The basic principle is that a person who does not own property, especially a thief, cannot confer it on another except with the true owner's authority.


"Nemo dat quod non-habet" meaning "no one gives what he doesn't have" is a legal rule, sometimes called the  "Nemo dat rule," that states that the purchase of a possession from someone who has no ownership right to it also denies the purchaser any ownership title.


It is equivalent to the civil (continental) "Nemo plus iuris ad alium transferre potest quam ipse habet" rule, which means;


"one cannot transfer to another more rights than he has."

The rule usually stays valid even if the purchaser does not know that the seller has no right to claim ownership of the object of the transaction ( a bona fide purchaser ).


However, in many cases, more than one innocent party is involved, making judgment difficult for courts and leading to numerous exceptions to the general rule that aims to give a degree of protection to bonafide purchasers and original owners.
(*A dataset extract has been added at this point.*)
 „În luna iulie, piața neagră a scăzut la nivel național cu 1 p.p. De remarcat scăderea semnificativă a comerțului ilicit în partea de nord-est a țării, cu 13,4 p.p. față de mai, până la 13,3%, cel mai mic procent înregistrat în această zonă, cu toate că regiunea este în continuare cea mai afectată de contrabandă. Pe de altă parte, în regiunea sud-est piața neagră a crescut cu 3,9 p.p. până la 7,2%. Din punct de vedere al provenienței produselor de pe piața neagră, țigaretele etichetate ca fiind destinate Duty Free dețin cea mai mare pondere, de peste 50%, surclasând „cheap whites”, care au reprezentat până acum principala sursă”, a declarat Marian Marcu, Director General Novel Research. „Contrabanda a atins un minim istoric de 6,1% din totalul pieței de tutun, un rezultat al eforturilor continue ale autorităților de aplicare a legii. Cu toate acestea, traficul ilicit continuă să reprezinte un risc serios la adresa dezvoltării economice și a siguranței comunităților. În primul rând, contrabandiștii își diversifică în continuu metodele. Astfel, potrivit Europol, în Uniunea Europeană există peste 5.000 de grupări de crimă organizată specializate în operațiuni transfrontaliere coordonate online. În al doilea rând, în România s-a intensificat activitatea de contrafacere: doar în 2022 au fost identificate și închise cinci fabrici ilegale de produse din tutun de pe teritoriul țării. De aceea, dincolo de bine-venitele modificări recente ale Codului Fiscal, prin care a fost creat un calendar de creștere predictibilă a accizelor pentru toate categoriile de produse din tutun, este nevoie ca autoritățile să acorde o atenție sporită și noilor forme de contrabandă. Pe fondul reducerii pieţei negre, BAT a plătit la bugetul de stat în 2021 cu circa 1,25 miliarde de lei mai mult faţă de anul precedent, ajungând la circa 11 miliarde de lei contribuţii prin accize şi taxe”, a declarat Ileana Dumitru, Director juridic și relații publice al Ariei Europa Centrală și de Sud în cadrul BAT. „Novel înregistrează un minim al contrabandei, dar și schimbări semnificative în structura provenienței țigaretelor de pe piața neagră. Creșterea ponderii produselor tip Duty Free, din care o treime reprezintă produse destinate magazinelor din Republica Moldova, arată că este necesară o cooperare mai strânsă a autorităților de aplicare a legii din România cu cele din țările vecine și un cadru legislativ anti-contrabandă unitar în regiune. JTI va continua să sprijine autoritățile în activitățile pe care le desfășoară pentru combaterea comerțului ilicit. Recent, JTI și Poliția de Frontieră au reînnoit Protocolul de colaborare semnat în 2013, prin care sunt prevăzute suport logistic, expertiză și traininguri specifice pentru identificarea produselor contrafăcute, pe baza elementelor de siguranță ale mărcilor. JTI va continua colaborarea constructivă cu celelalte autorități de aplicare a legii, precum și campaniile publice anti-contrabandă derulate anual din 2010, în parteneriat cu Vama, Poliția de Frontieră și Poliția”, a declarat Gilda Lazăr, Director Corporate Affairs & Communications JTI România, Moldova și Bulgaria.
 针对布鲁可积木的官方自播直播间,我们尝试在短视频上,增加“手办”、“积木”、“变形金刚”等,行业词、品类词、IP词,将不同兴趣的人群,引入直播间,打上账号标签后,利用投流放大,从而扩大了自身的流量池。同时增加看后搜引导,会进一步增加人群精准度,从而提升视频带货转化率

The possession of the good of title will be with the original owner.


In GREENWOOD v. BENNETT (2003), the defendant was the original owner of a car and he entrusted a man named SEARLE with the car so that he could carry out the repairs. SEARLE used the car for personal purposes, consequently crashing the car and causing tremendous damage. Thereafter, he sold the jaguar to a garage owner named HARPER, for £75. HARPER, was unaware that SEARLE was not the owner of the car. HARPER, spent £226 to repair the car and sold it to a finance company.


The Court held that the plaintiff was the owner of the car and since SEARLE did not have a title over the car, he could not transfer the title to HARPER. For the same reason, HARPER, could not transfer the title of the car to the insurance company because he was not the rightful owner. The plaintiff got his car back, but he had to reimburse HARPER for the money he spent on repairs.


It is necessary to understand why a person cannot transfer a greater title to someone than the one he himself/herself has. The nemo dat rule has its roots in jurisprudential concepts of possession and ownership. It casts clarity on the capabilities to possess a certain title and the extent of powers a person would have over a property. The same would determine whether a person could transfer the rights with respect to the property and if so, to which extent.


✓POSSESSION


Possession is the state of having something in one’s control. Possession is fulfilled when animus possidendi and corpus possessionis is achieved.


Animus possidendi refers to the intention or claim to have exclusive possession over something. The claim shall be exclusive in a manner that expressly excludes others. Such possession does not necessarily require to be absolute. Further, the desire or a claim to possess something does not signify that the person wishes to use the property as an owner.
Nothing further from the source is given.